> [WHAT YOU NEED TO DO] Your output should be everything below from the line containing "Jak relacjonowali świadkowie, kierujący" down to the line containing "第2特集では、いつも身近にあ", both ends included, copied exactly, with pictures left out.

> [DATA SUPPLIED]
______

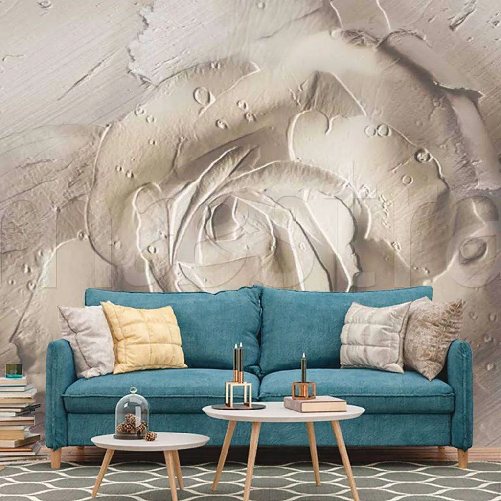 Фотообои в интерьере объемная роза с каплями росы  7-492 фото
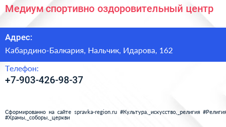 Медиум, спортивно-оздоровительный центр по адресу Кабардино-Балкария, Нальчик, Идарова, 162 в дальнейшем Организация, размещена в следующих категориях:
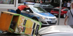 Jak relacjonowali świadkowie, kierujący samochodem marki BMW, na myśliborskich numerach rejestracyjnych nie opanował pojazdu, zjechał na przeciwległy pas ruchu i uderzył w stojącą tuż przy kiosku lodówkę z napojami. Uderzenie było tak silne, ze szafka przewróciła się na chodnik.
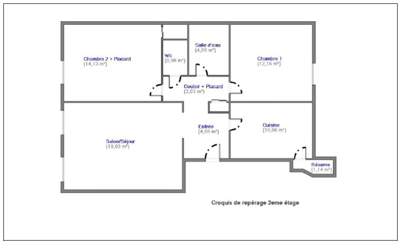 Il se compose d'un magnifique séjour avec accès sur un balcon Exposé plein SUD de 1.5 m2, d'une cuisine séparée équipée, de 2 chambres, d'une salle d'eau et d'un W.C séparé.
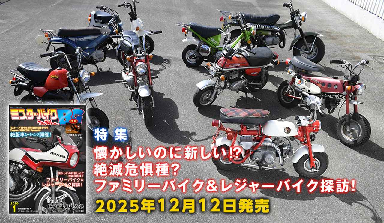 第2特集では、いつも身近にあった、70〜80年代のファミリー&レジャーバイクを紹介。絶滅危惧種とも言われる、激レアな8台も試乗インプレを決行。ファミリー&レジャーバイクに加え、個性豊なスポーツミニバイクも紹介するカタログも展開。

______

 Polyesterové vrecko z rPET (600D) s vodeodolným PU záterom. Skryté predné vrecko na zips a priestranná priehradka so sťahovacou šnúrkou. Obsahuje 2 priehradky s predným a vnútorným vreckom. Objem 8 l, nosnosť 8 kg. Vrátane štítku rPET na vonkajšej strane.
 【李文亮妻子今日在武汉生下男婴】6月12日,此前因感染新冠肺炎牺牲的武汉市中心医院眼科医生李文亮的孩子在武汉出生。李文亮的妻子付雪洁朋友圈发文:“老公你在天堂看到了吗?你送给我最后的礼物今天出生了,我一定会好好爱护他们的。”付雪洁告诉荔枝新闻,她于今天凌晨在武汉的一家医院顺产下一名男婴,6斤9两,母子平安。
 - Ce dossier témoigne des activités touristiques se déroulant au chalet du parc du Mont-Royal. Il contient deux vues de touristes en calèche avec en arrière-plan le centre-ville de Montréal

______

> [ANSWER SPACE]
 Jak relacjonowali świadkowie, kierujący samochodem marki BMW, na myśliborskich numerach rejestracyjnych nie opanował pojazdu, zjechał na przeciwległy pas ruchu i uderzył w stojącą tuż przy kiosku lodówkę z napojami. Uderzenie było tak silne, ze szafka przewróciła się na chodnik.
 Il se compose d'un magnifique séjour avec accès sur un balcon Exposé plein SUD de 1.5 m2, d'une cuisine séparée équipée, de 2 chambres, d'une salle d'eau et d'un W.C séparé.
 第2特集では、いつも身近にあった、70〜80年代のファミリー&レジャーバイクを紹介。絶滅危惧種とも言われる、激レアな8台も試乗インプレを決行。ファミリー&レジャーバイクに加え、個性豊なスポーツミニバイクも紹介するカタログも展開。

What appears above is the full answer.